-- Task brief --
Retype nothing but the lines from the start of the material up to and including the line with "- Multiple Size: this". Pictures don't belong in the copy.
════════
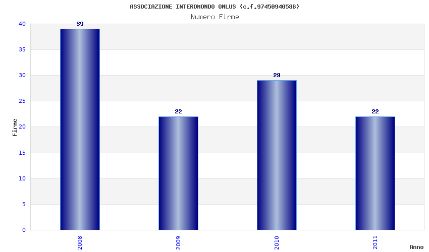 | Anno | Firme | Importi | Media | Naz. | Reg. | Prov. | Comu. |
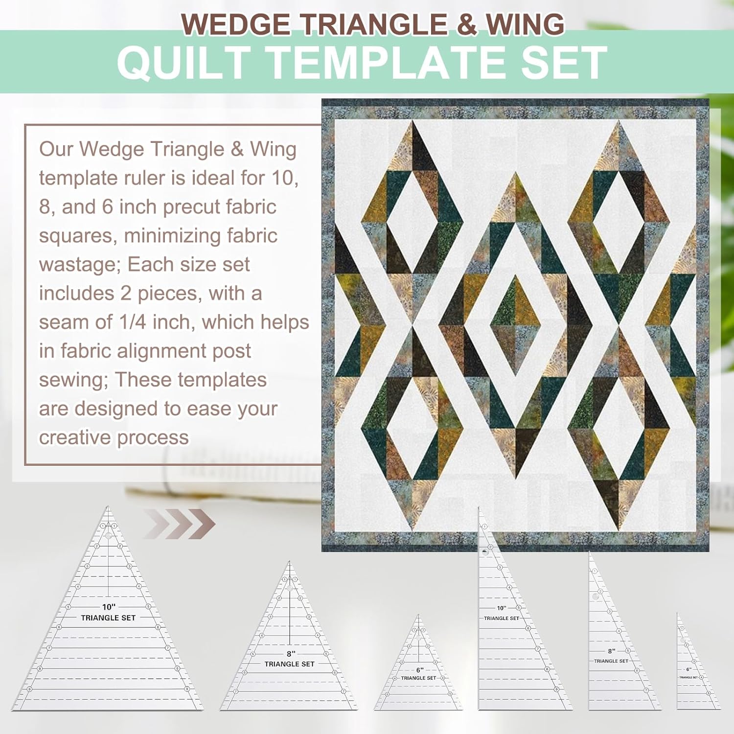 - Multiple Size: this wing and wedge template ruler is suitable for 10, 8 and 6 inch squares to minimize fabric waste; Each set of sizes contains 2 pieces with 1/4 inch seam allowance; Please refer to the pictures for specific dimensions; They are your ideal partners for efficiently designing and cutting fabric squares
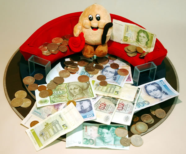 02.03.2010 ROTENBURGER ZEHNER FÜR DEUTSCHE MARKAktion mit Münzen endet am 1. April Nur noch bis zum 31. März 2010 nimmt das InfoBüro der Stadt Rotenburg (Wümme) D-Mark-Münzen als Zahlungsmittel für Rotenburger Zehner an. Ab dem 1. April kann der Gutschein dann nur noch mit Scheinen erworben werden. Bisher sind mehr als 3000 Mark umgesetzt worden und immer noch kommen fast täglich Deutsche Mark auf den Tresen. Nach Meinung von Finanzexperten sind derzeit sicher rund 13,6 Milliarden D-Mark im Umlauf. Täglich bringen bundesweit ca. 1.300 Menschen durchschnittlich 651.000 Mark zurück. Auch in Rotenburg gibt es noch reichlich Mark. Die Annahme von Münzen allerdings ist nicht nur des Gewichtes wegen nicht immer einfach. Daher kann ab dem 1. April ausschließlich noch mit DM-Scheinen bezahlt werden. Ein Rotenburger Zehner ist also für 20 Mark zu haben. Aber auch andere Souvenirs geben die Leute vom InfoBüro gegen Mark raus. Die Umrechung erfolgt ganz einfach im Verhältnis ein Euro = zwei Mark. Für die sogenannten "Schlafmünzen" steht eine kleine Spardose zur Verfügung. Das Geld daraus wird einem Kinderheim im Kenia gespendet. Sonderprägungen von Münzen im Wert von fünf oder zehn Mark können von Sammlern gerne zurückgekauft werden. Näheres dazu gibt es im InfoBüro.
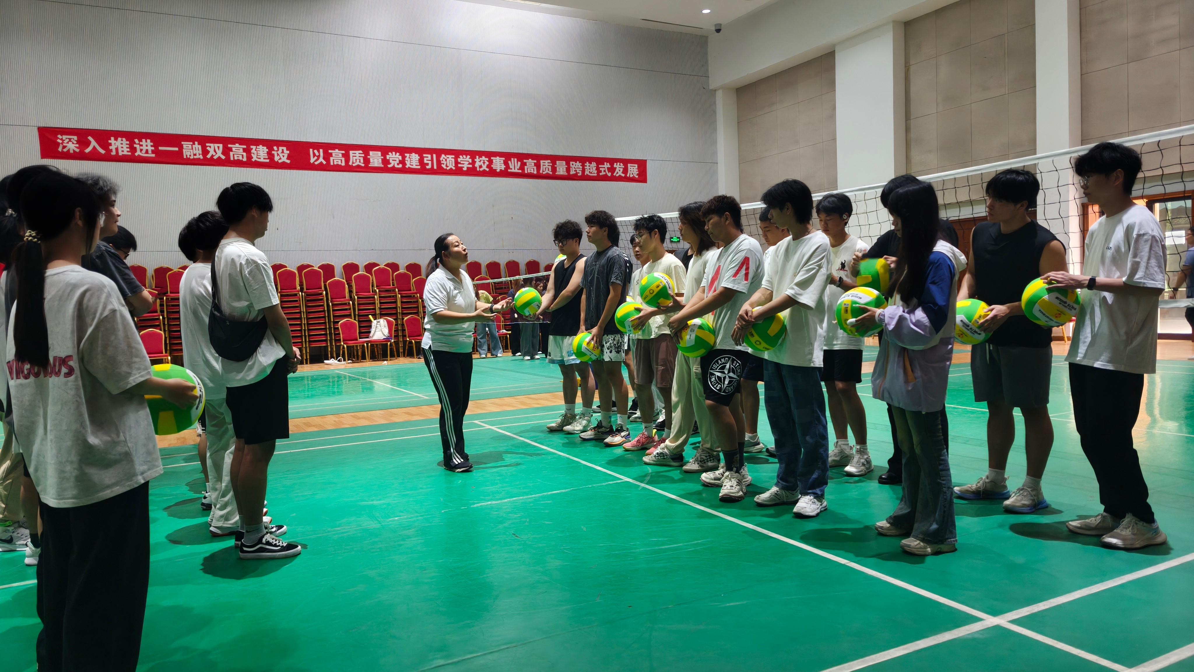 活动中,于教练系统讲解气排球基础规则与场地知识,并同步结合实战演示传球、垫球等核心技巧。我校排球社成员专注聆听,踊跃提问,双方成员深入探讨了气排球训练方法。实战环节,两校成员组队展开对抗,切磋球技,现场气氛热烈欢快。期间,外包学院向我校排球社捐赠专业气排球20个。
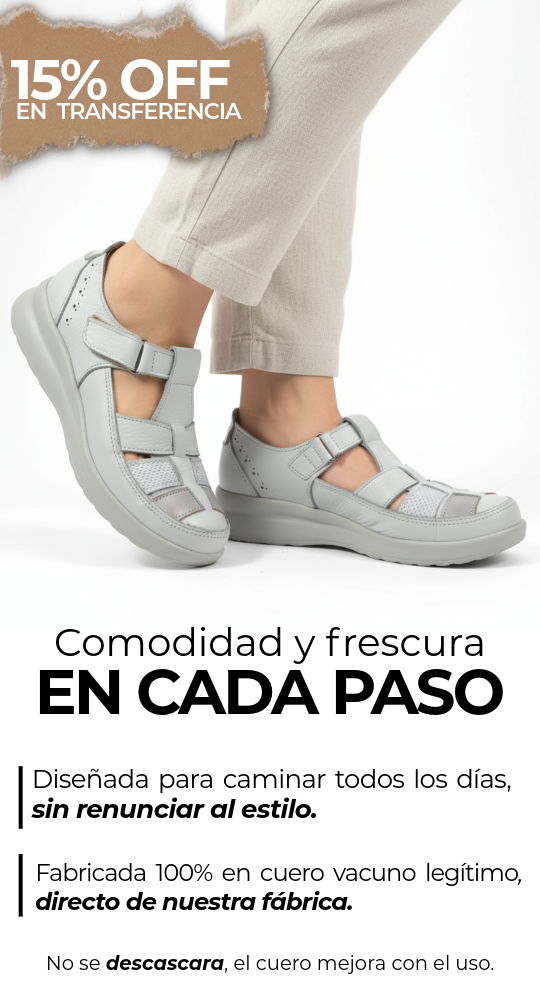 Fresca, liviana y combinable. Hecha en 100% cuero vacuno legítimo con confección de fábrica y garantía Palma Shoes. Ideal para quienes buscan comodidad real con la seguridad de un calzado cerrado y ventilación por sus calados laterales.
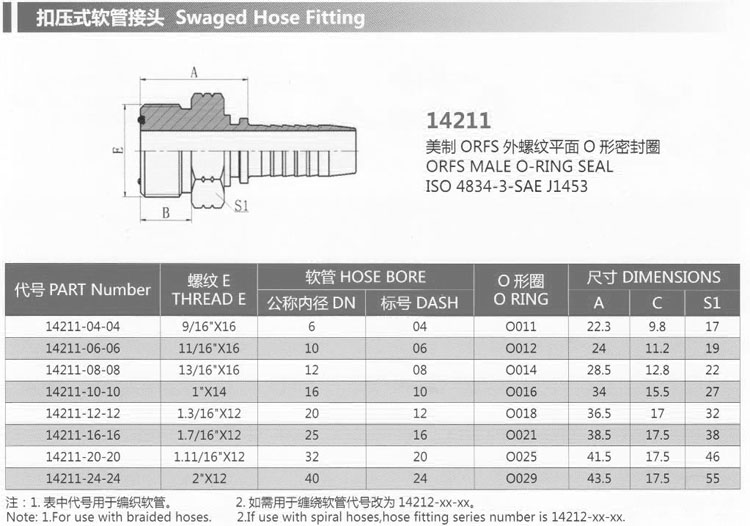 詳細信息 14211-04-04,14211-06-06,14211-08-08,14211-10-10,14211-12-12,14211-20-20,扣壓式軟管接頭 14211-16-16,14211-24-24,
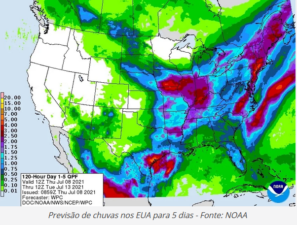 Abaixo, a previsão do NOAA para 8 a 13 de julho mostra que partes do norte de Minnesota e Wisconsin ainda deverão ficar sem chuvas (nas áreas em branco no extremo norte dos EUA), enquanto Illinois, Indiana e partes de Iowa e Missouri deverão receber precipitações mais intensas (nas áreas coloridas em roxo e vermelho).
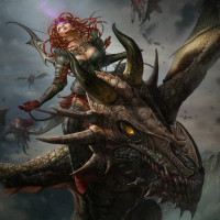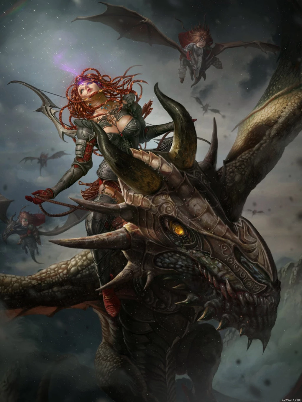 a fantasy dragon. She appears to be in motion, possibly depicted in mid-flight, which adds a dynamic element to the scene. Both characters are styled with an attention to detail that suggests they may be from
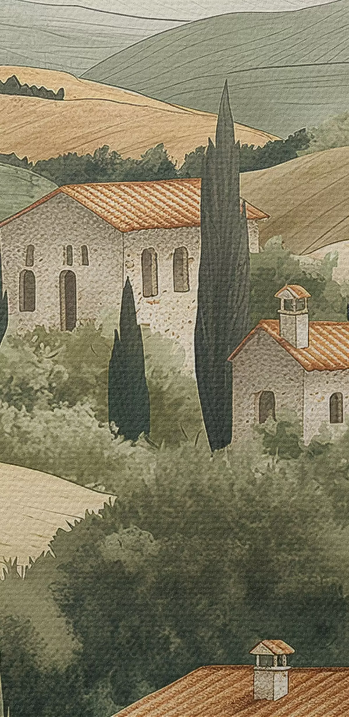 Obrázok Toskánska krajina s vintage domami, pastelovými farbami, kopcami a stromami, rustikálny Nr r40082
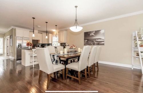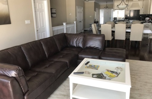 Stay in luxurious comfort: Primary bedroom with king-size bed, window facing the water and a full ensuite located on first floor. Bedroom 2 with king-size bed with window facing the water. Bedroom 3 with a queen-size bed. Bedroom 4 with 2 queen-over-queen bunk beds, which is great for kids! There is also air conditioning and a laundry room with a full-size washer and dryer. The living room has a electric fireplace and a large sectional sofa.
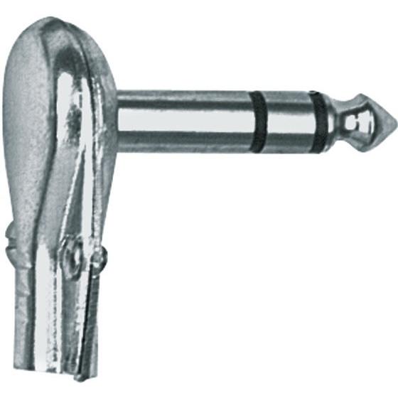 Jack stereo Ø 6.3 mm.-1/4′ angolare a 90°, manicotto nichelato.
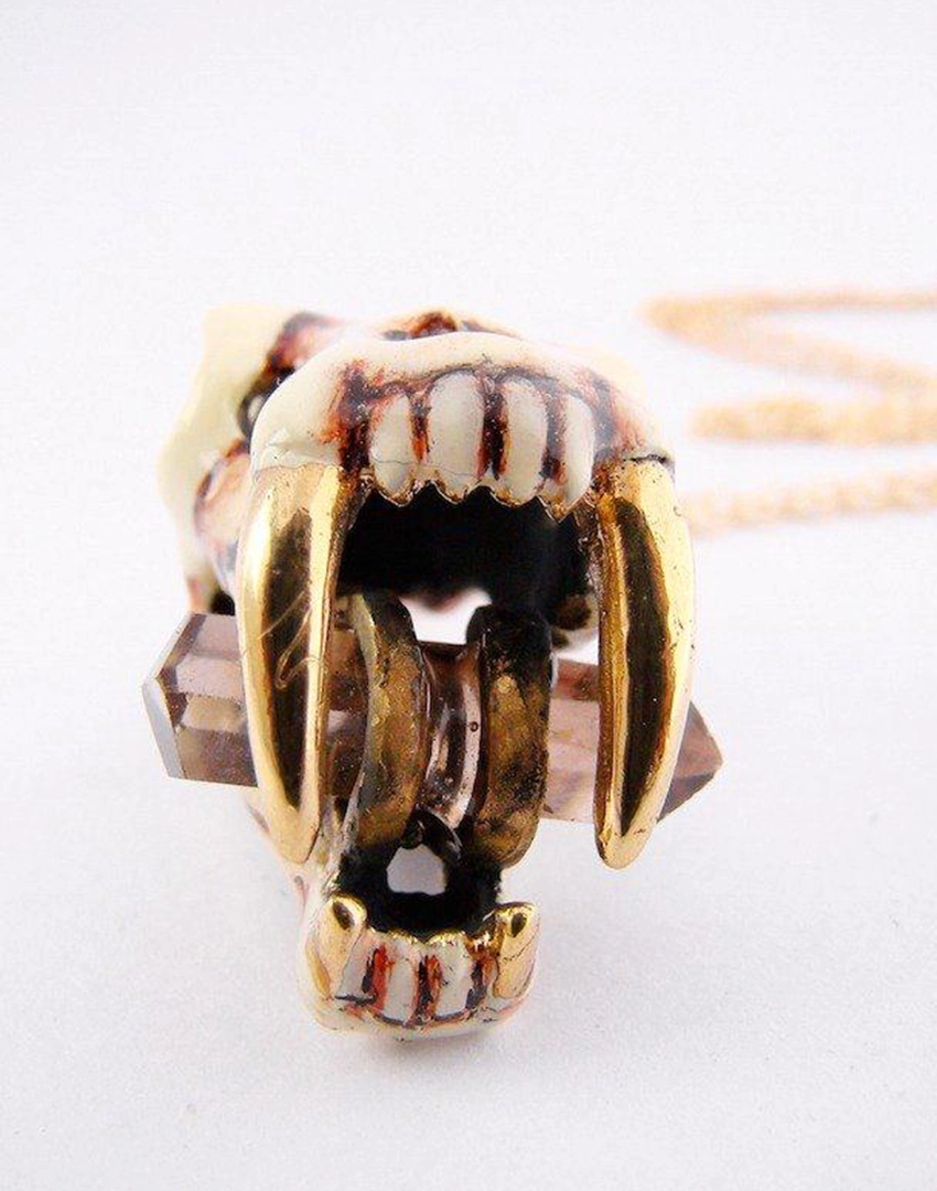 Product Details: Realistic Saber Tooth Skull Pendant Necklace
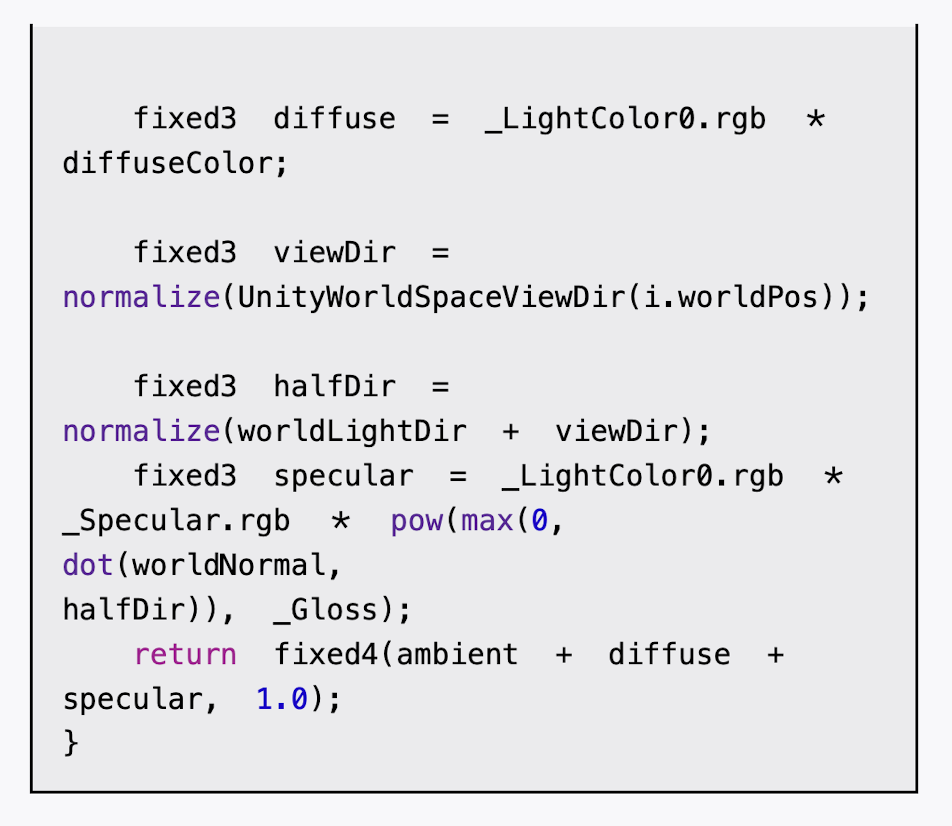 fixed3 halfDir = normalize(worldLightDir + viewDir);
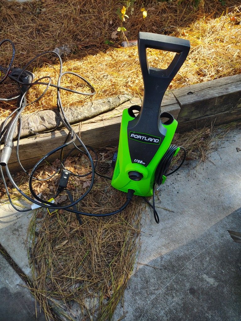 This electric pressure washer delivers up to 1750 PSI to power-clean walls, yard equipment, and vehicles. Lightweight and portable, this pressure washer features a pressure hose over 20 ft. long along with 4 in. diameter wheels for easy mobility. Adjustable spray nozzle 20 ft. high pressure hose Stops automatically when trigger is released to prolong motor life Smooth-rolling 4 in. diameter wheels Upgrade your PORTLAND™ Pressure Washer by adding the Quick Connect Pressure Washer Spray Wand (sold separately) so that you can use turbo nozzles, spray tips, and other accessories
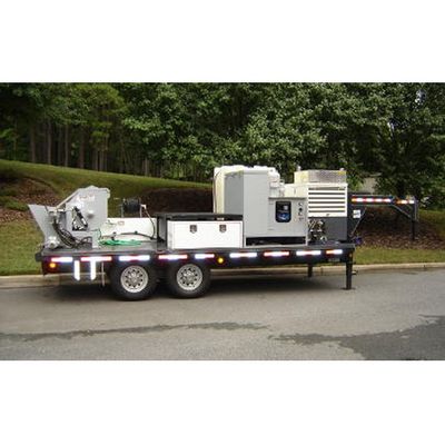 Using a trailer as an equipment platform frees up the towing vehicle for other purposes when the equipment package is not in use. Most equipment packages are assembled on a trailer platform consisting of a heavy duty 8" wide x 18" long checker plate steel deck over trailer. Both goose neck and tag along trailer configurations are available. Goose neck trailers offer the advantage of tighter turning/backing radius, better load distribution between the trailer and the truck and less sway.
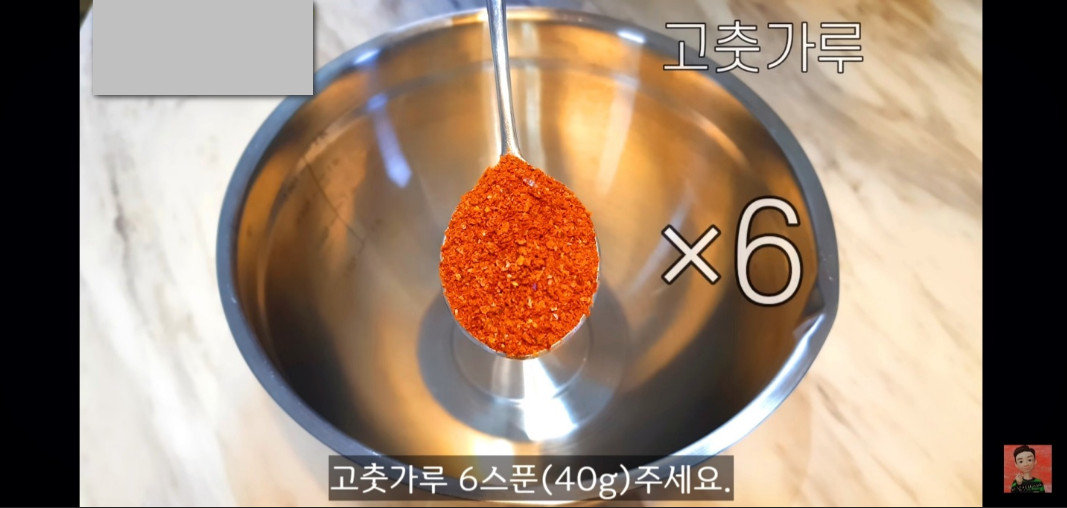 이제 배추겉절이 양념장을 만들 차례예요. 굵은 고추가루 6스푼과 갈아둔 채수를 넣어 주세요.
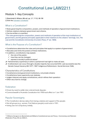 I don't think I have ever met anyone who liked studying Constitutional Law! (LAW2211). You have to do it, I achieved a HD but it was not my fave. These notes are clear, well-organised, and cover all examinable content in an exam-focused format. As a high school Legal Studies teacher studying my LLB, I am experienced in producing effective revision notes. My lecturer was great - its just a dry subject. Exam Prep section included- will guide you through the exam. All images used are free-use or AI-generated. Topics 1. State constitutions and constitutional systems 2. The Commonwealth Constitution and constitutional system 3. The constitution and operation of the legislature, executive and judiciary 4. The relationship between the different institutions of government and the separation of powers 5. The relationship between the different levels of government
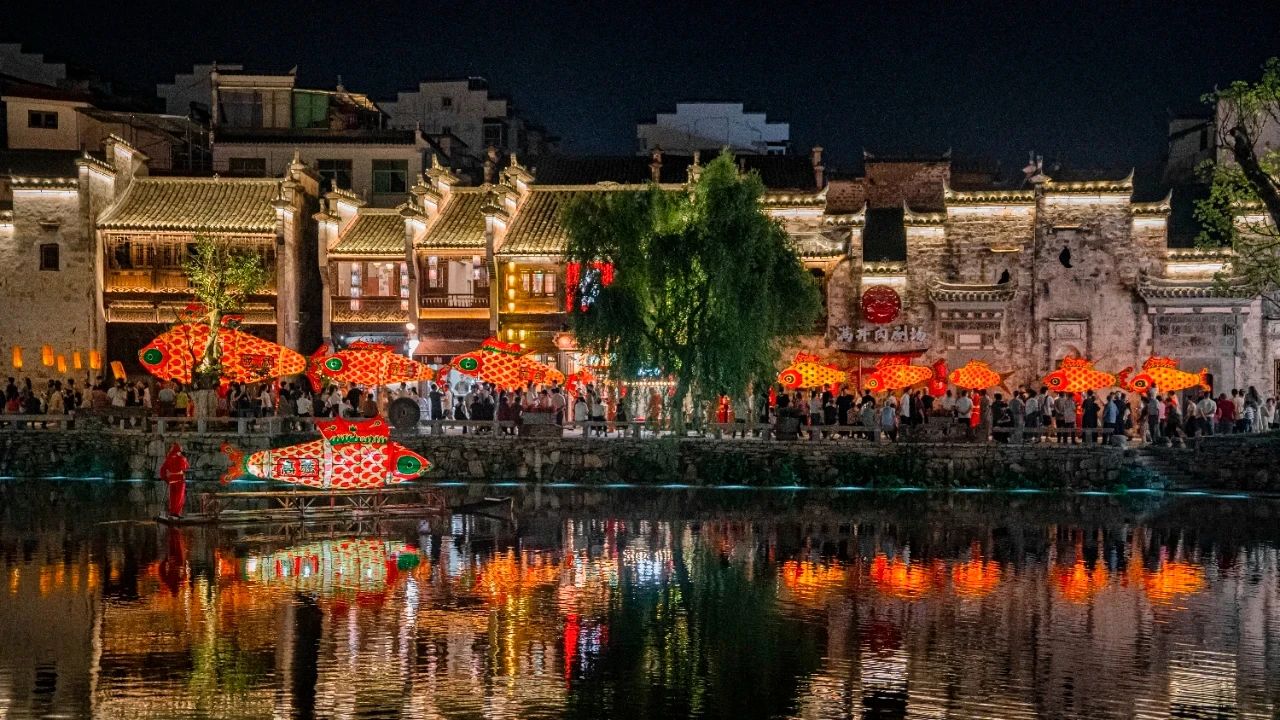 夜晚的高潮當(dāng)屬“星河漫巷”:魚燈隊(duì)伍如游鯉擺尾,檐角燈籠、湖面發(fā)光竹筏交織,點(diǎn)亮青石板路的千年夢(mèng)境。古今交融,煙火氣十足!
════════
-- Answer area --
 | Anno | Firme | Importi | Media | Naz. | Reg. | Prov. | Comu. |
 - Multiple Size: this wing and wedge template ruler is suitable for 10, 8 and 6 inch squares to minimize fabric waste; Each set of sizes contains 2 pieces with 1/4 inch seam allowance; Please refer to the pictures for specific dimensions; They are your ideal partners for efficiently designing and cutting fabric squares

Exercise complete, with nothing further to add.